[Extracted data entries]
---*---
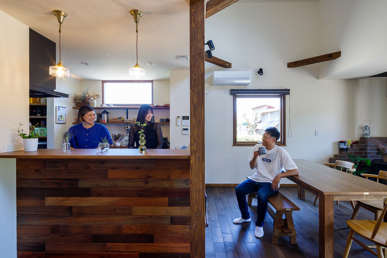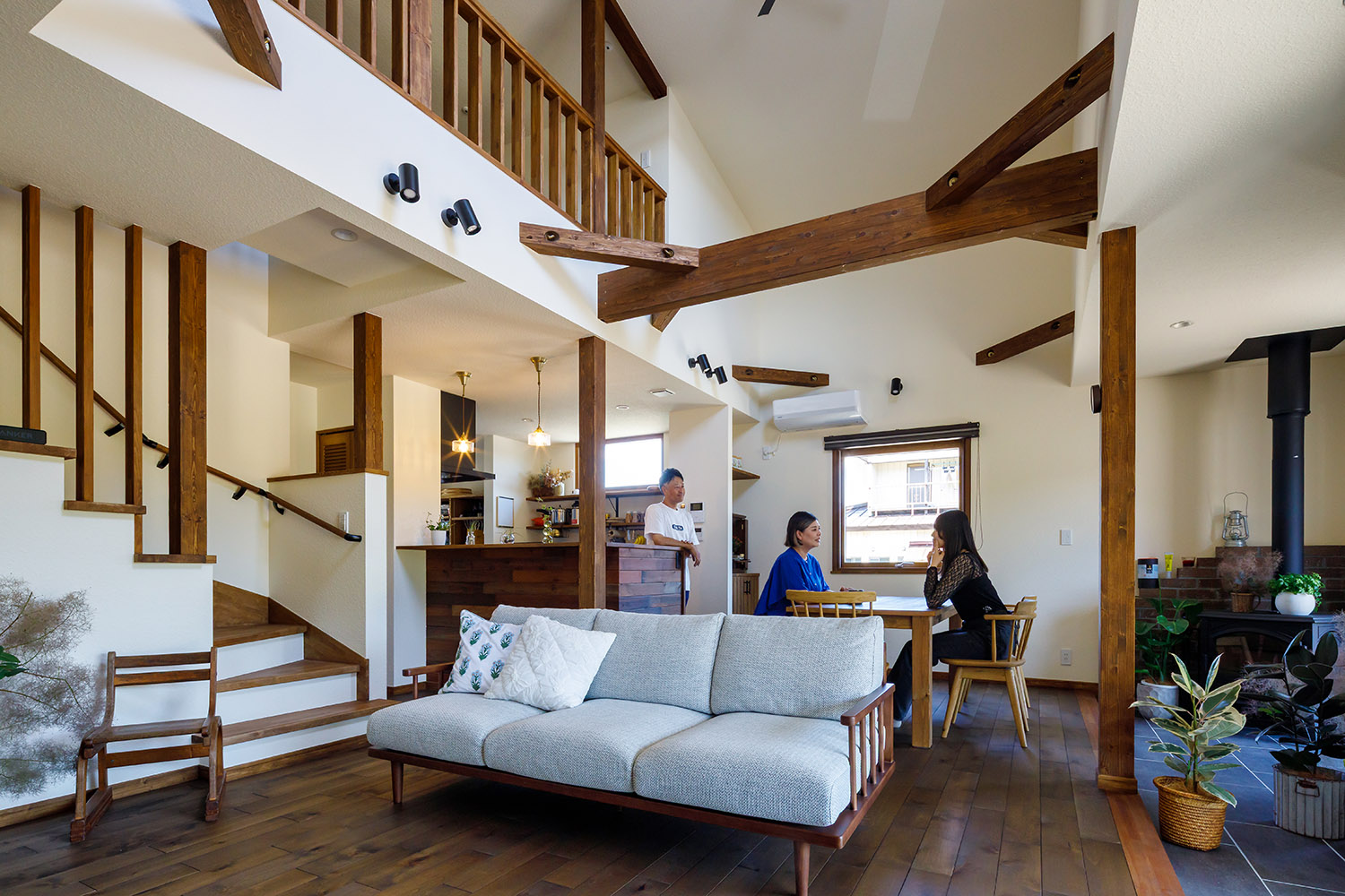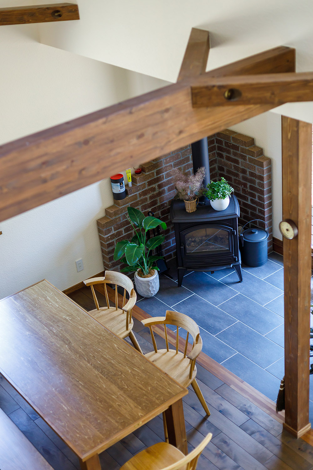 2階フリースペースからダイニングと土間の薪ストーブを見る。柱や梁、床の無垢材と土間のタイルといった異素材のバランスもKさん家族のお気に入り。
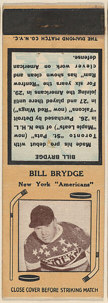 - Title: Bill Brydge, New York Americans, from Yellow/Tan Hockey Players Match Cover design series (U10) issued by Diamond Match Company
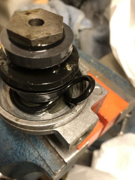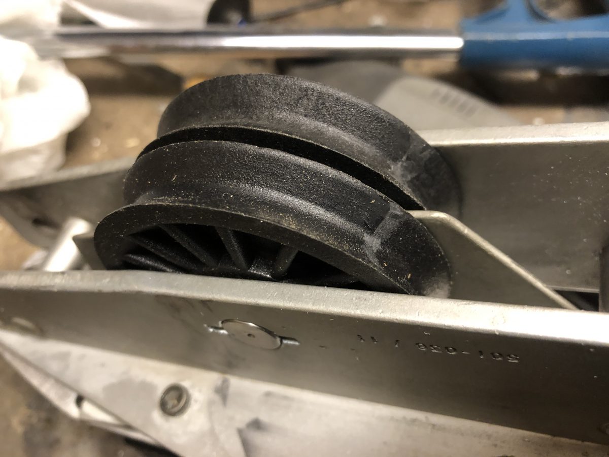 När masttoppsbeslaget var loss så var det ju lika bra att kontrollera trissorna för storfallen. Det såg ut som en ”rörsprint” satt genom hålet och lagrade trissorna. Sprinten satt inte helt i hålet på ena sidan och gick lätt att trycka ut med fingerkraft. Det visade sig när den kom ut att den spruckit på längden.
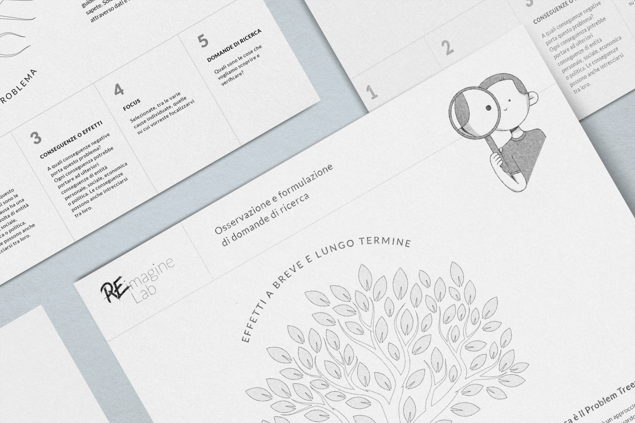 Per guidare i partecipanti nella fase di Osservazione e formulazione di domande di ricerca abbiamo creato il Problem Tree Canvas.
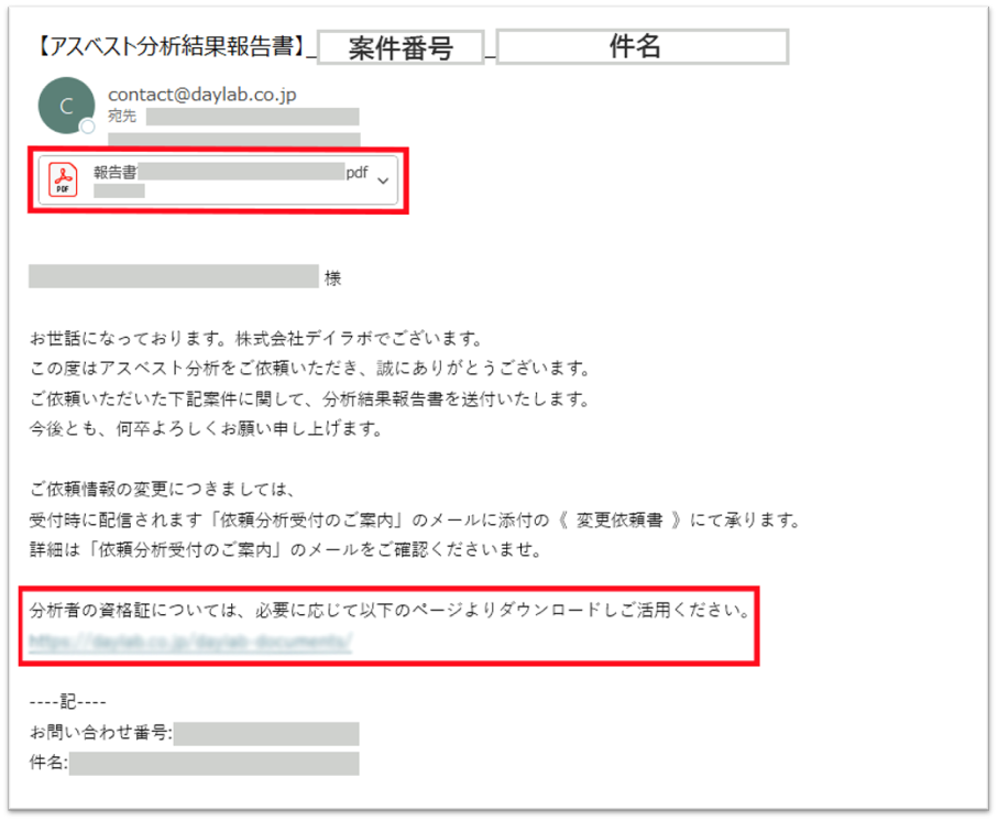 - 分析完了時にはPDF形式で分析結果報告書をメールで送付、併せて分析者の資格証を確認・ダウンロードできるリンクも案内している。
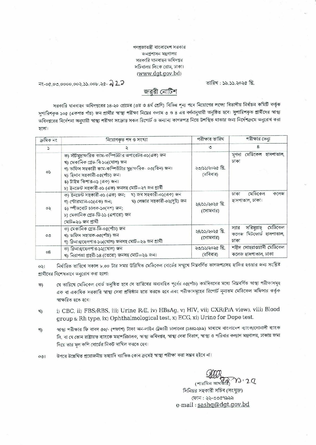 সরকারি যানবাহন অধিদপ্তরের চাকরির স্বাস্থ্য পরীক্ষা সময়সূচি প্রকাশ
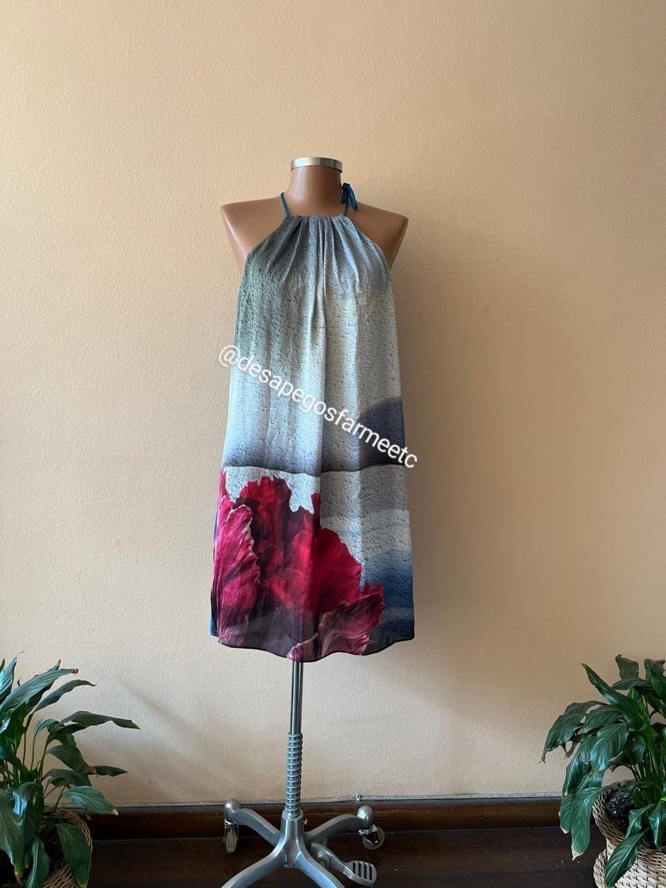 Vestido curto da marca FYI, disponível no tamanho 40. Usado, em perfeito estado. Tecido: 100% poliéster na frete e 100% viscose atrás, forro 100% viscose. Medidas Aproximadas: Busto: 98 cm Cintura: 110 cm Quadril: 114 cm Comprimento: 92 cm
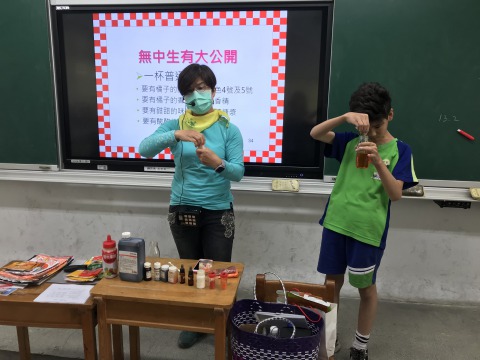 香甜好滋味的橘子汽水,是用新鮮的橘子汁加上沁涼的氣泡水製成的嗎?不~不~不~讓我們一同發現「飲料裡的壞魔法-橘子汽水實驗」的奧秘,準備材料有一杯水、色素、橘子香精、檸檬酸、小蘇打粉依序加入水中攪一攪,橘子汽水大功告成,猶如變魔術般的神奇快速,學童看了目不轉睛的說:「太可怕了吧,幾滴的色素就染黃整杯清水,以後不敢喝了」。
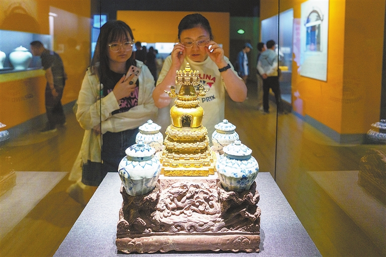 蓝釉爵杯陈列在静谧的时空窖藏、元代石刻融入徽派雕刻长廊……安徽徽州历史博物馆以“精品文物群”为重点,对特色文物进行针对性展陈,营造沉浸式的观展环境。
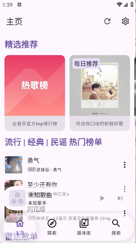 主题为用户推荐了热门的音乐资源。
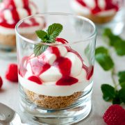 No Bake Cheesecake Mousse – the ultimate easy dessert! You’ll be shocked at how quickly this delicious treat comes together. Layered with buttery crumbled graham crackers, a rich fluffy cheesecake mousse, and finished with a bright raspberry sauce—it’s incredible.Â
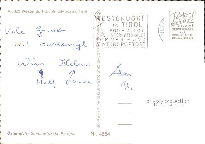 71974426 alte Postkarte Westendorf Tirol Bichling Moosen Hohe Salve postalisch gelaufen Erhaltung siehe scans KatCode: 11390335070420
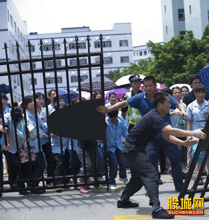 眼看四十多位保安在楼顶要跳楼,工厂拒绝记者进入现场,数百位愤怒的工人齐力把工厂铁门推倒。
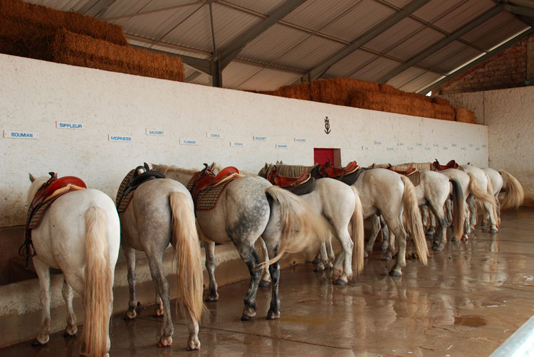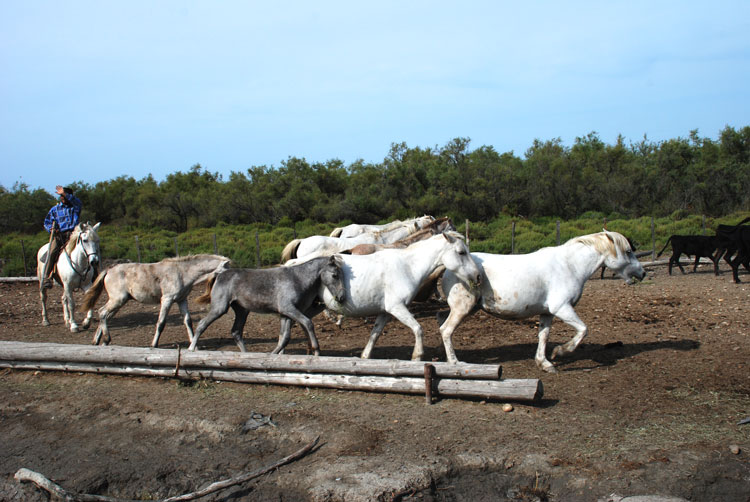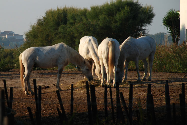 Ebenso wichtig sind die Pferde. Die gedrungenen, hellgrauen Pferde der Camargue sind eine eigene Rasse, die bereits in der Antike erwähnt wurden und eigentlich immer als Lasttiere und Schlachtrösser eingesetzt wurden. Schon früh wurden sie auch von den Hütern der Herden in der Camargue eingesetzt. Das ist auch heute noch der Fall. Vor allem beim Hüten der Stierherden sind sie unerläßlich. Heute spielen sie jedoch auch eine wichtige Rolle als Reitpferde für die Touristen und natürlich bei den diversen Festen und den Stierkämpfen. Und es gibt noch eine Besonderheit: Die Fohlen haben ein relativ dunkles, meist braunes Fell. Erst im Laufe der Entwicklung wird es dann weiß.
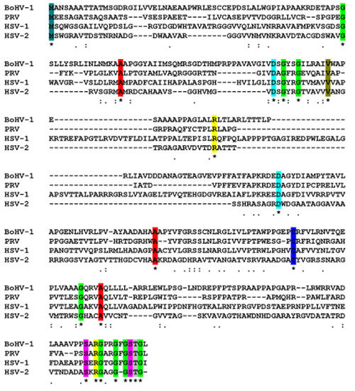 The amino acid sequence of BoHV-1 UL50 (GenBank accession: AJ004801.1) was retrieved from NCBI (
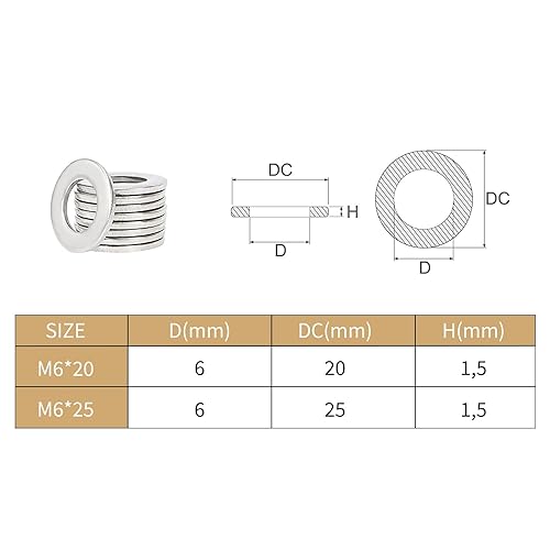 M6X20MM Rondelle Piatte Acciaio Inossidabile 304, 40 Pezzi Rondella Acciaio, per Viti, Dadi, Barra Filettata
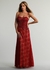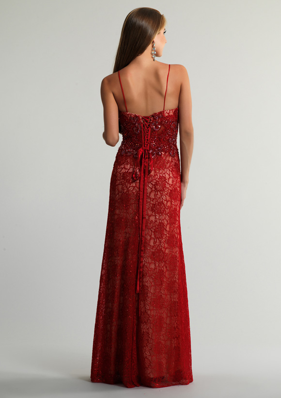 Dave and Johnny Prom Dress 9947. Long beaded sequin lace dress with sweetheart neckline and tie up back.
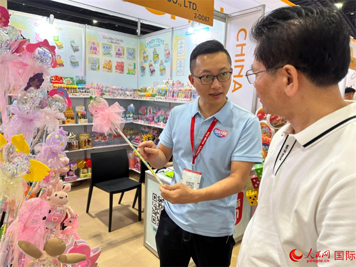 來自中國廣東的動漫食品廠商向觀眾講解食品如何和動漫結(jié)合。人民網(wǎng)記者 簡承淵攝
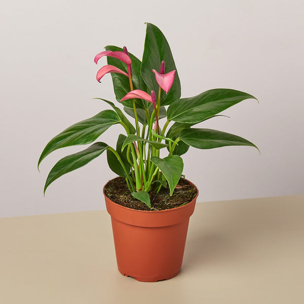 These exotic houseplants have glossy heart-shaped leaves with a beautiful bloom that comes in a large array of colors. They can bloom all year long with enough light and water. The Anthurium originated in the South American rain forest so they thrive in high-humidity environments with a decent amount of shade.
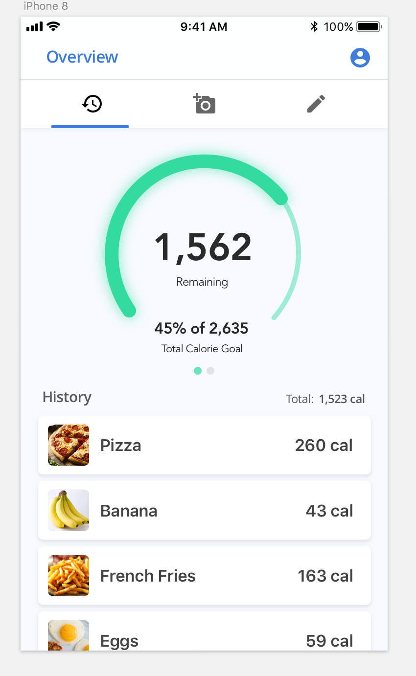 So what exactly was our solution? An app that tracks calories easily... that “easily” part was very important to us, because we know that there are already lots of excellent solutions out there to track your calories/nutrition information.
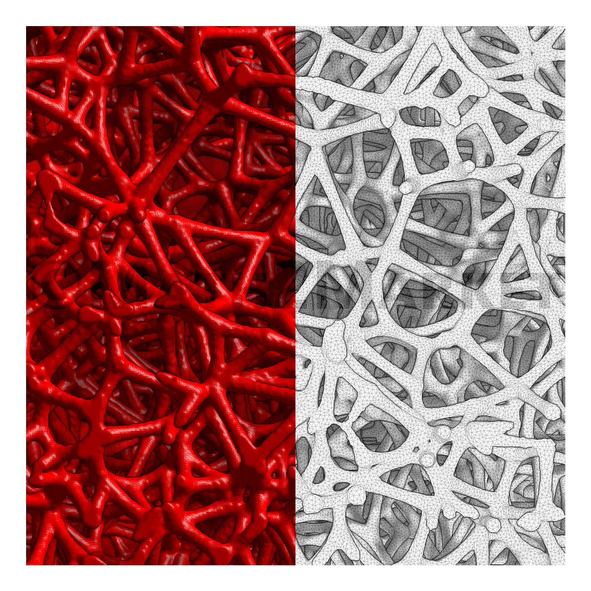 - MeshGeo can be used to create meshes of microstructures such as nonwoven (FiberGeo), woven (WeaveGeo, foams (FoamGeo), ceramics (GrainGeo), composites, etc. generated with modules for digital material design.
---*---
EXERCISE BRIEF :: Using the data above, set down each line from the line with "71974426 alte Postkarte" to the line with "眼看四十多位保安在楼顶要跳楼" exactly, both ends included, and leave the pictures behind. Nothing else belongs.

EXPECTED ANSWER ::
 71974426 alte Postkarte Westendorf Tirol Bichling Moosen Hohe Salve postalisch gelaufen Erhaltung siehe scans KatCode: 11390335070420
 眼看四十多位保安在楼顶要跳楼,工厂拒绝记者进入现场,数百位愤怒的工人齐力把工厂铁门推倒。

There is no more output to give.